→ **SUPPLIED DATA**
------

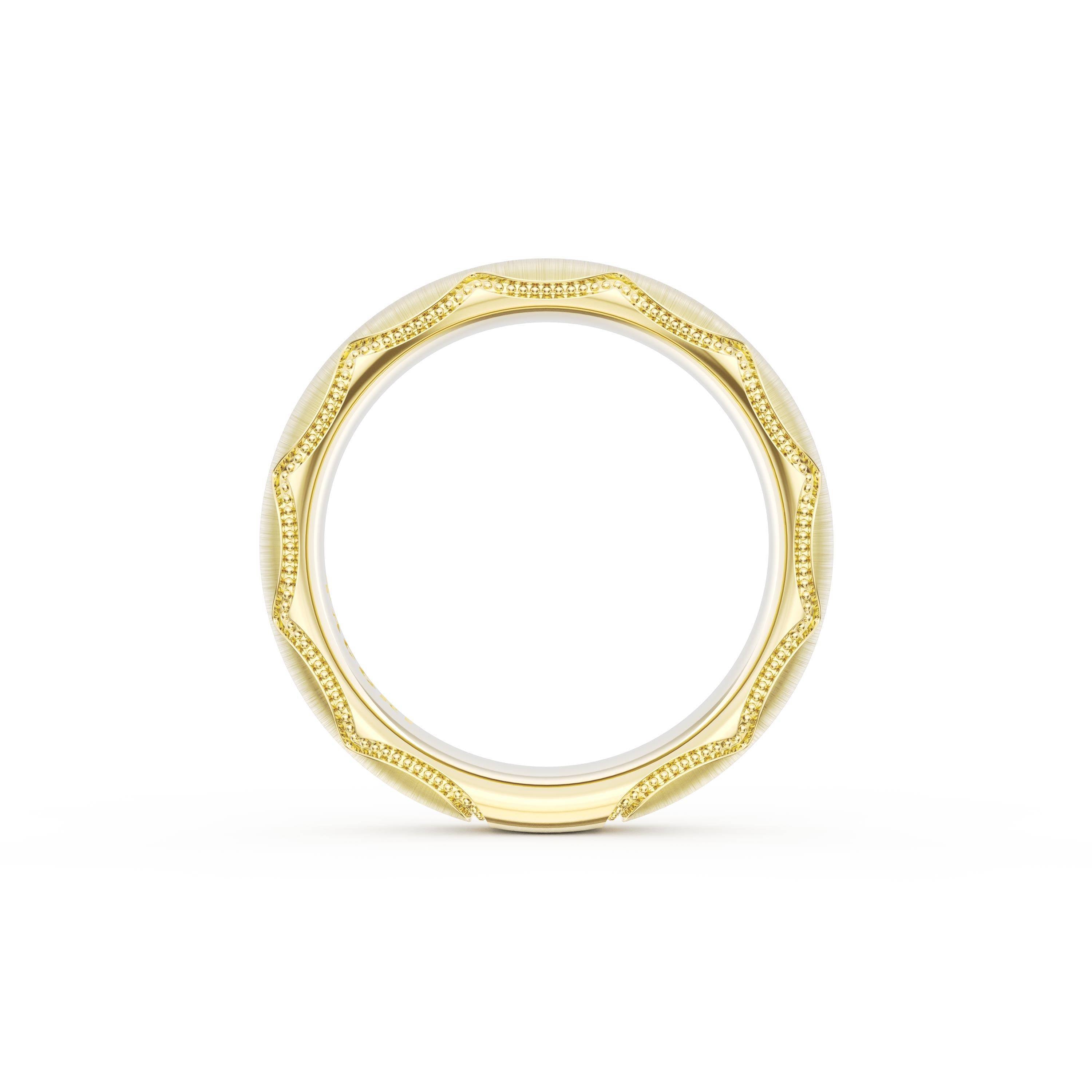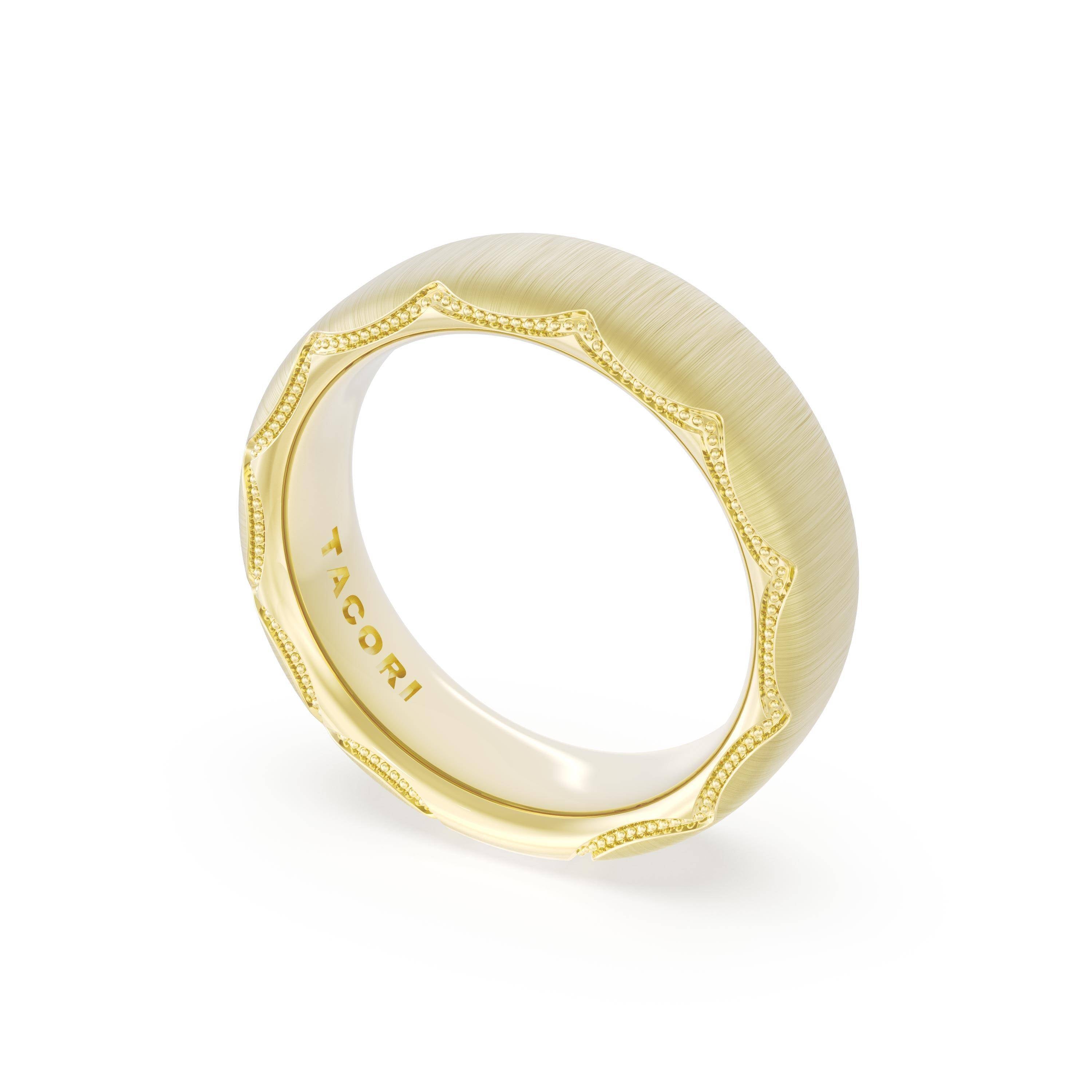 This bold and modern cigar-style 18K Yellow Gold band with clean lines gets a touch of texture from milgrain Crescent detailing on the silhouette.
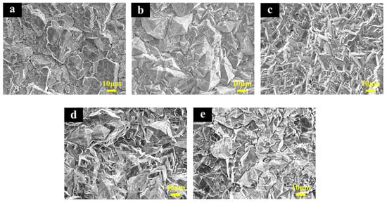 SEM of the electrodes: (a) Ti/Sb-SnO2/PbO2; (b) Ti/Sb-SnO2/1Bi-PbO2; (c) Ti/Sb-SnO2/2Bi-PbO2; (d) Ti/Sb-SnO2/3Bi-PbO2; and (e) Ti/Sb-SnO2/5Bi-PbO2.
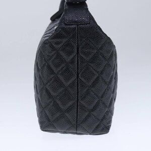 CHANEL Matelasse Hand Bag Grained Calf Skin Black CC Auth
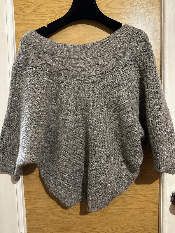 Тепла кофта дуже гарна чесно Модна така в’язка оздоблена косичкою ззаду замок він працює носила колись ззадом на перед як і кардиган Хороший стан Склад також супер Рукавичик вкорочений іде як литюча миш Зверху виріз можна носити під гольф сітка, сорочку ,або на голе тіло і навіть на одне пличе також гарно виглядає Довжина до бедра

------

→ **WHAT IS REQUIRED**
Where the data contains an image, skip the image and copy everything else exactly as it appears.

→ **TASK OUTPUT**
 This bold and modern cigar-style 18K Yellow Gold band with clean lines gets a touch of texture from milgrain Crescent detailing on the silhouette.
 SEM of the electrodes: (a) Ti/Sb-SnO2/PbO2; (b) Ti/Sb-SnO2/1Bi-PbO2; (c) Ti/Sb-SnO2/2Bi-PbO2; (d) Ti/Sb-SnO2/3Bi-PbO2; and (e) Ti/Sb-SnO2/5Bi-PbO2.
 CHANEL Matelasse Hand Bag Grained Calf Skin Black CC Auth
 Тепла кофта дуже гарна чесно Модна така в’язка оздоблена косичкою ззаду замок він працює носила колись ззадом на перед як і кардиган Хороший стан Склад також супер Рукавичик вкорочений іде як литюча миш Зверху виріз можна носити під гольф сітка, сорочку ,або на голе тіло і навіть на одне пличе також гарно виглядає Довжина до бедра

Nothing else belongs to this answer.